Animal right activist speak so much for the animals but still remain mute on the slaughter of Goats on Bakri-Id. Patriotic Policemen get arrested for fake encounters of Paki terrorists and human rights activist shout at their peak volume in favour of these Paki terrorists, but remain mute when kashmiri pandits are killed in large numbers and other explosions r done by Paki terrorists killing 100s of Indians.

Yes this is the tolerance of Hindus which is being exploited again n again in every way!!


----------



## kumarmohit (Jun 10, 2007)

karmanya said:
			
		

> secularism says that the govt of india will respect and treat all religions as equal.



Exactly, and ensure freedom of preaching and practicing of every religion, but it is also duty bound to ensure the freedom from misinformation and propaganda. The most common way to provide freedom from misinformation and propaganda is by ensuring a free media. But media has its own responsibilities and limitations. In religious field, this is a much more subtle way way of providing a free environment for every citizen to practice and preach their religion.
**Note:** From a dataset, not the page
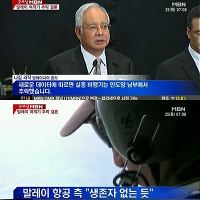 나집 라작 말레이시아 총리는 전날 저녁 쿠알라룸푸르 푸트라월드트레이드센터(PWTC)에서 긴급 기자회견을 열고 "영국 국제해사위성기구(Inmarsat)의 위성자료를 바탕으로 370편이 인도양 남부 해역에 추락한 것으로 결론지었다"고 밝혔고, 이른 시일 내 유족과 함께 여객기 추락 추정 해역을 돌아볼 것이라고 전했다.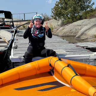 We took a break, had some burgers and then decided to continue the lesson on land for a bit. This was followed by winging on big windsurf boards which they quickly identified were much better than the small boards they’ve seen of people trying to learn winging on. Betsy at 73 (about to be 74 in two weeks!) was unbelievably amazing being able to position her board in the water and climb on it. Then she raised the wing and she managed to taxi on her knees back-and-forth, staying up upwind. Elise and Jamie both needed some tows upwind, but we’re steadily getting a good feel for handling their wings.

And oh, India starts with a Capital alphabet I.



			
				karmanya said:
			
		

> also i have never filled a form which asks what religion you follow





			
				karmanya said:
			
		

> and hinduism is a way of life not religion.



Dont tell me that you were not counted in the 2001 census, to count the population of India. As far as I know, in that a majority have been marked as following Hindu religion. If as per you say Hinduism is a way of life, the religious majority of Indians should be Muslims. Right?




			
				karmanya said:
			
		

> plus im an atheist


Good for you, everyone is free to make his own choices.
The govt of India is not an atheist, for once, it believes in all religions (Loosely known as Secular), why else do we have state sponsored festivals of Buddha Jayanti etc and why do the President and Prime minister greet the nation on festivals like Holi, Id and Christmas, Why do they sponsor Haj and facilitate Kailash Mansarovar?


----------



## faraaz (Jun 13, 2007)

If it prevents violence and religious problems, I'm all for it...

If only we humans were like Pratchett's dwarfs...


----------



## kumarmohit (Jun 13, 2007)

Pratchett's dwarfs????


----------



## faraaz (Jun 14, 2007)

They're atheistic and they worship the letter of the law...very law abiding and hard working folk...check out the Discworld series...


----------



## kumarmohit (Jun 14, 2007)

faraaz said:
			
		

> check out the Discworld series...



Where?

Care posting Wikipedia links?


----------



## faraaz (Jun 14, 2007)

*en.wikipedia.org/wiki/Discworld


----------



## kumarmohit (Jun 14, 2007)

Thanks!


----------